#### [Task to carry out]
Exactly the lines from the beginning of the records to the line with "Suíte com cama", both ends included, are to be given again, and pictures are to be left out.

#### [Records for processing]
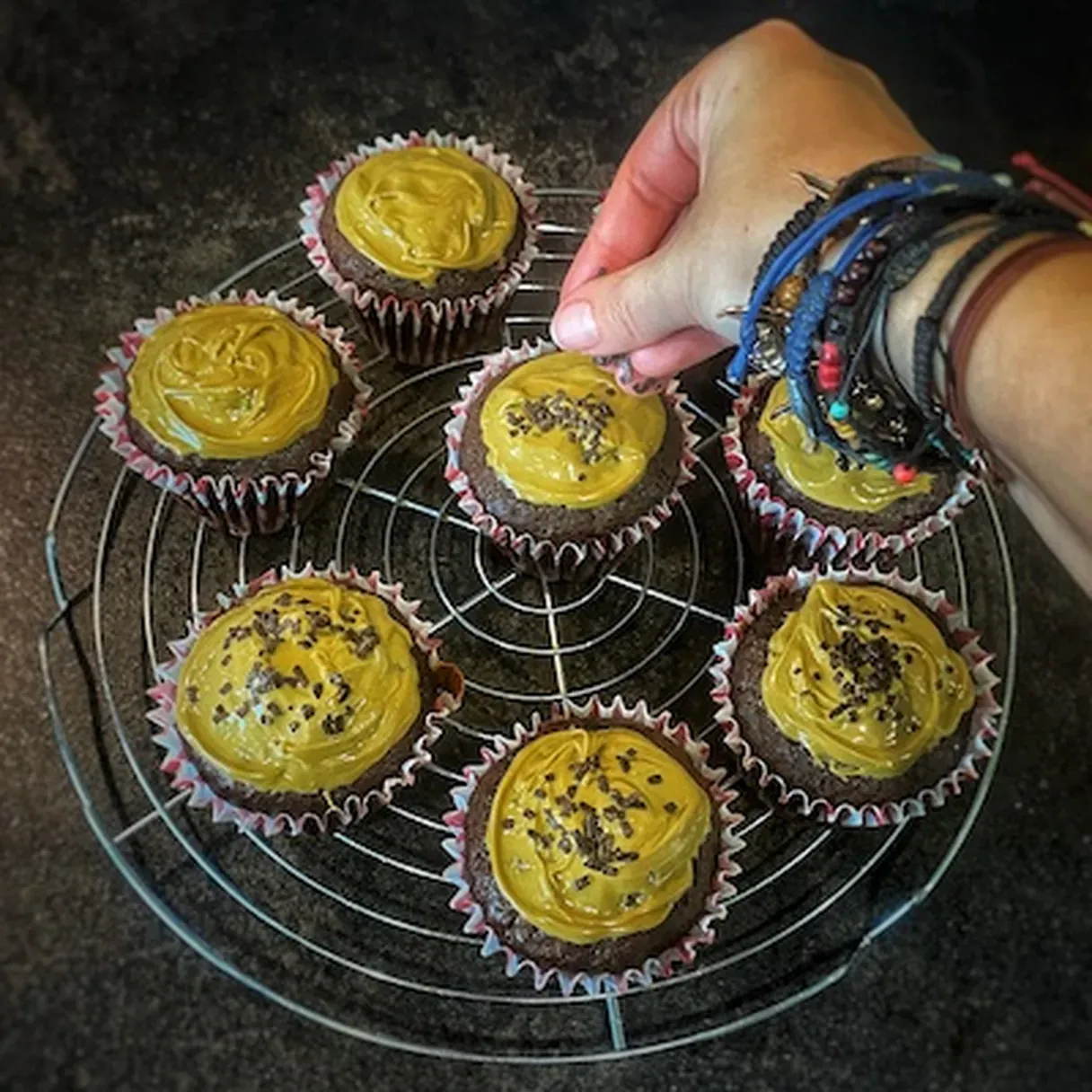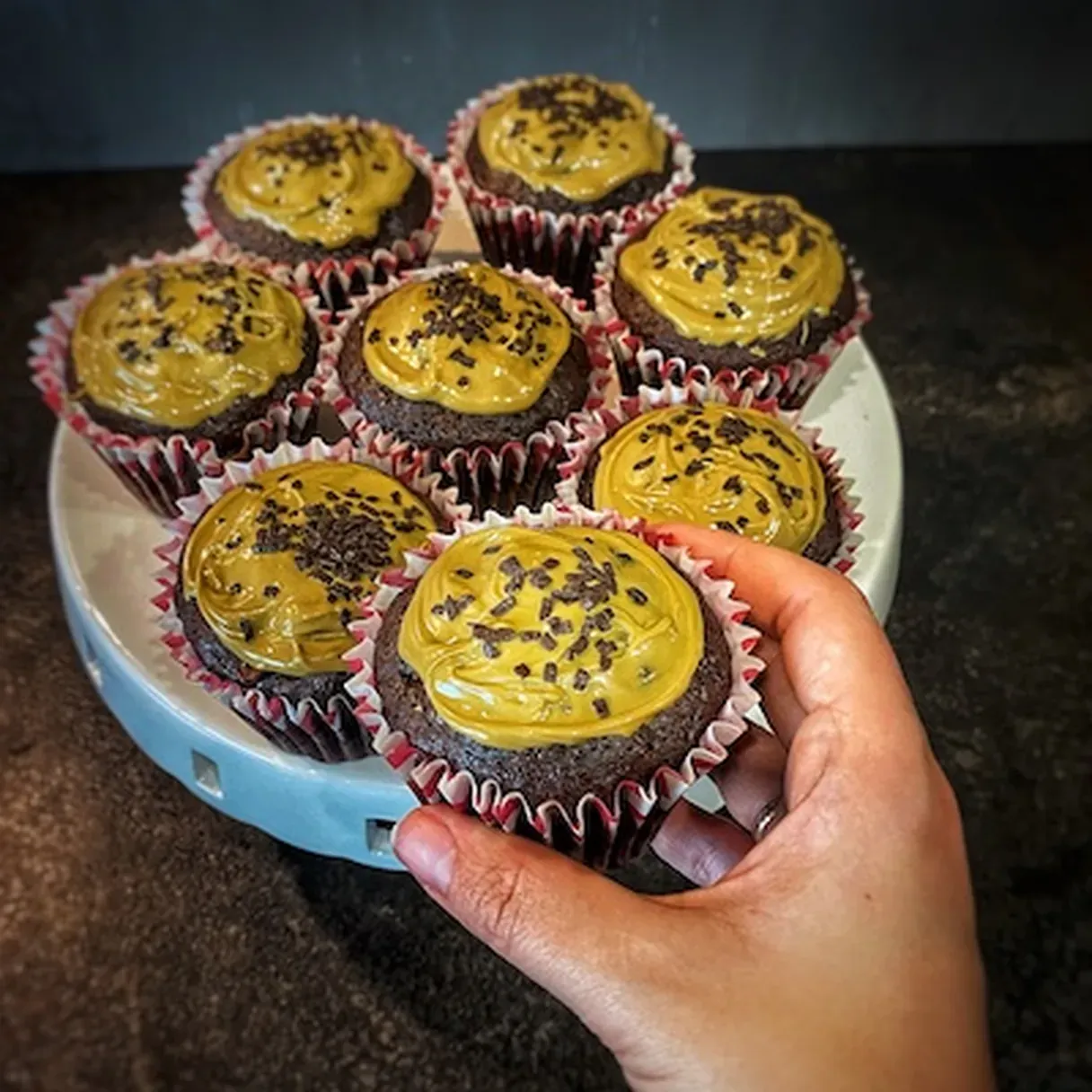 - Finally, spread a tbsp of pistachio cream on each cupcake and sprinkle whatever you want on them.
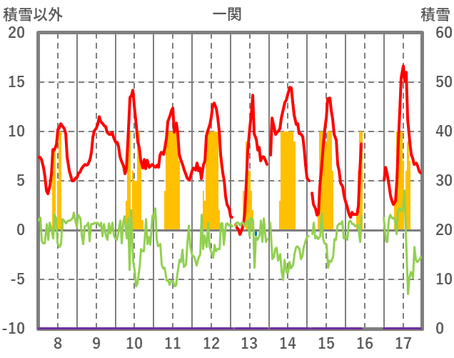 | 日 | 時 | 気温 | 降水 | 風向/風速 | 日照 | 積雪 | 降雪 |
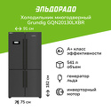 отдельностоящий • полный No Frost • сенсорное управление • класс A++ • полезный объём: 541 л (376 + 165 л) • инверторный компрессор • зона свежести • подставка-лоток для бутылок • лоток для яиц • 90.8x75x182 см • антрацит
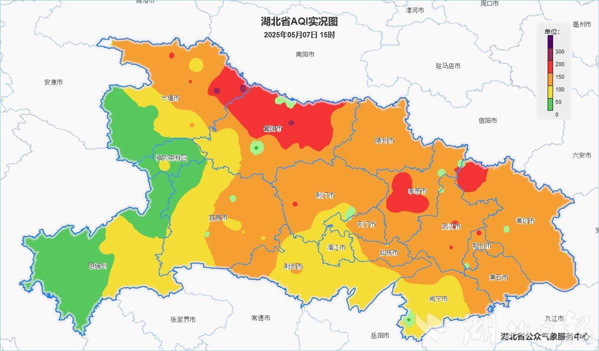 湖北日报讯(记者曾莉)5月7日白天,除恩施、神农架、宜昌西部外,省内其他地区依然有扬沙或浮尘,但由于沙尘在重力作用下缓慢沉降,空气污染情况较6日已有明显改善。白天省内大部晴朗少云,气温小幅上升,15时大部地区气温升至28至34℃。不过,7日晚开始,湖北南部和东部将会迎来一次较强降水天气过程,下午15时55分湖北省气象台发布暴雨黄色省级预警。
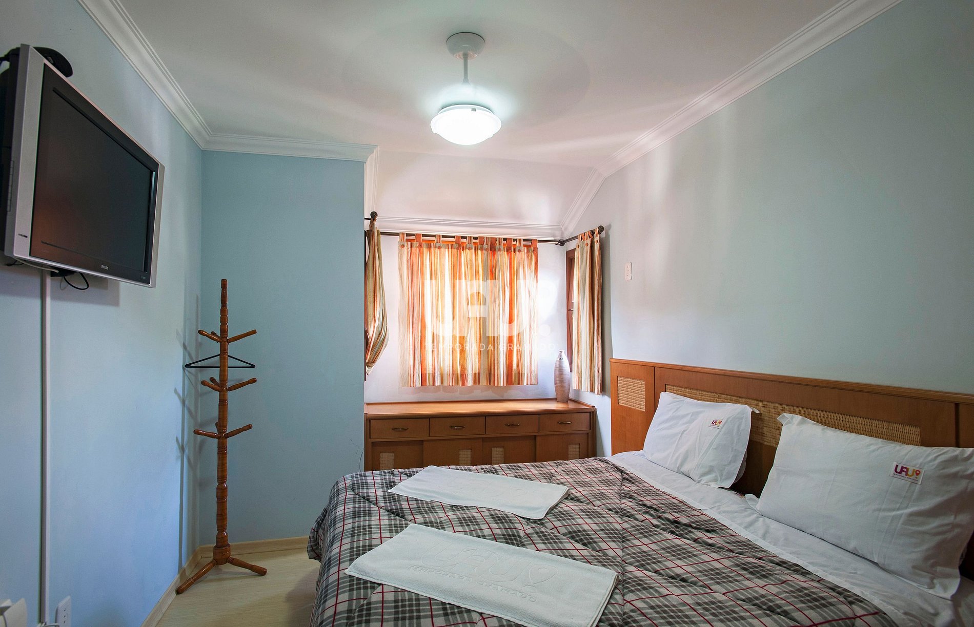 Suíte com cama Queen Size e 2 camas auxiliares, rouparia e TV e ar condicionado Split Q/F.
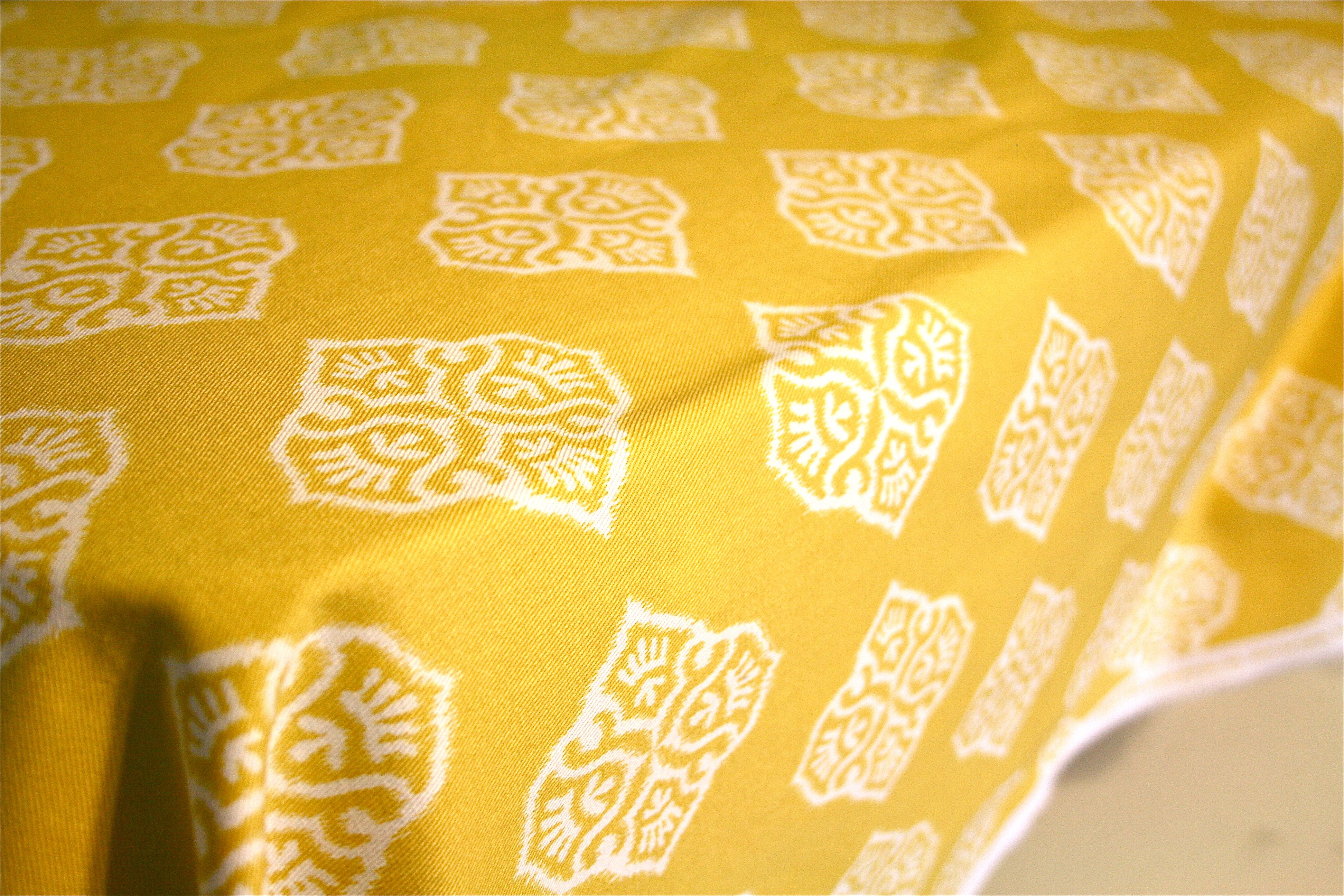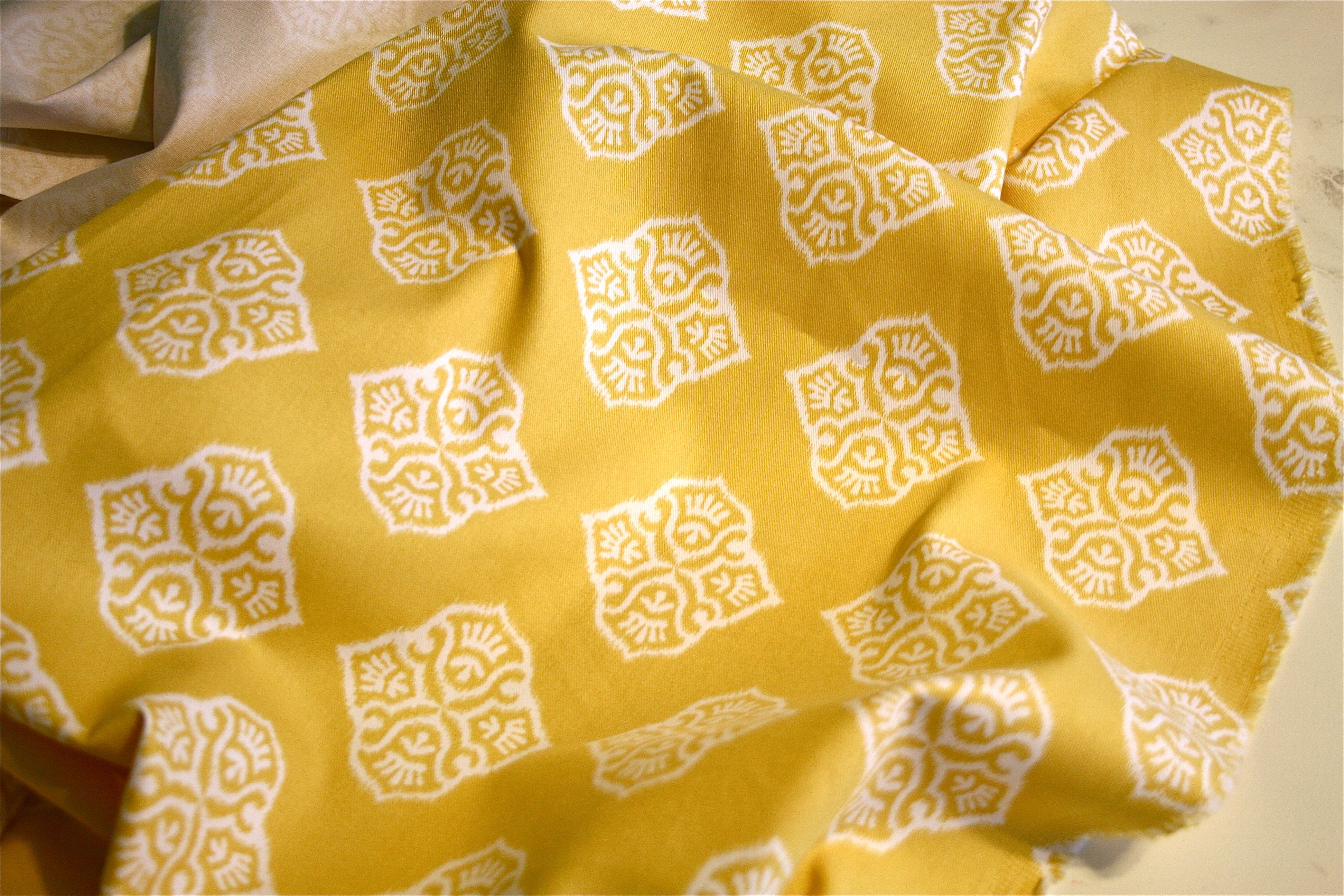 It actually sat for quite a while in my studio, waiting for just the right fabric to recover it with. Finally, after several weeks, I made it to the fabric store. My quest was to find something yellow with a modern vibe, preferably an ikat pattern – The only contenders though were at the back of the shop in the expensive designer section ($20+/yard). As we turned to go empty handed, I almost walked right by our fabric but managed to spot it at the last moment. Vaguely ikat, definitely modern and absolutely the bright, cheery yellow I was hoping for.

#### [Output of the task]
 - Finally, spread a tbsp of pistachio cream on each cupcake and sprinkle whatever you want on them.
 | 日 | 時 | 気温 | 降水 | 風向/風速 | 日照 | 積雪 | 降雪 |
 отдельностоящий • полный No Frost • сенсорное управление • класс A++ • полезный объём: 541 л (376 + 165 л) • инверторный компрессор • зона свежести • подставка-лоток для бутылок • лоток для яиц • 90.8x75x182 см • антрацит
 湖北日报讯(记者曾莉)5月7日白天,除恩施、神农架、宜昌西部外,省内其他地区依然有扬沙或浮尘,但由于沙尘在重力作用下缓慢沉降,空气污染情况较6日已有明显改善。白天省内大部晴朗少云,气温小幅上升,15时大部地区气温升至28至34℃。不过,7日晚开始,湖北南部和东部将会迎来一次较强降水天气过程,下午15时55分湖北省气象台发布暴雨黄色省级预警。
 Suíte com cama Queen Size e 2 camas auxiliares, rouparia e TV e ar condicionado Split Q/F.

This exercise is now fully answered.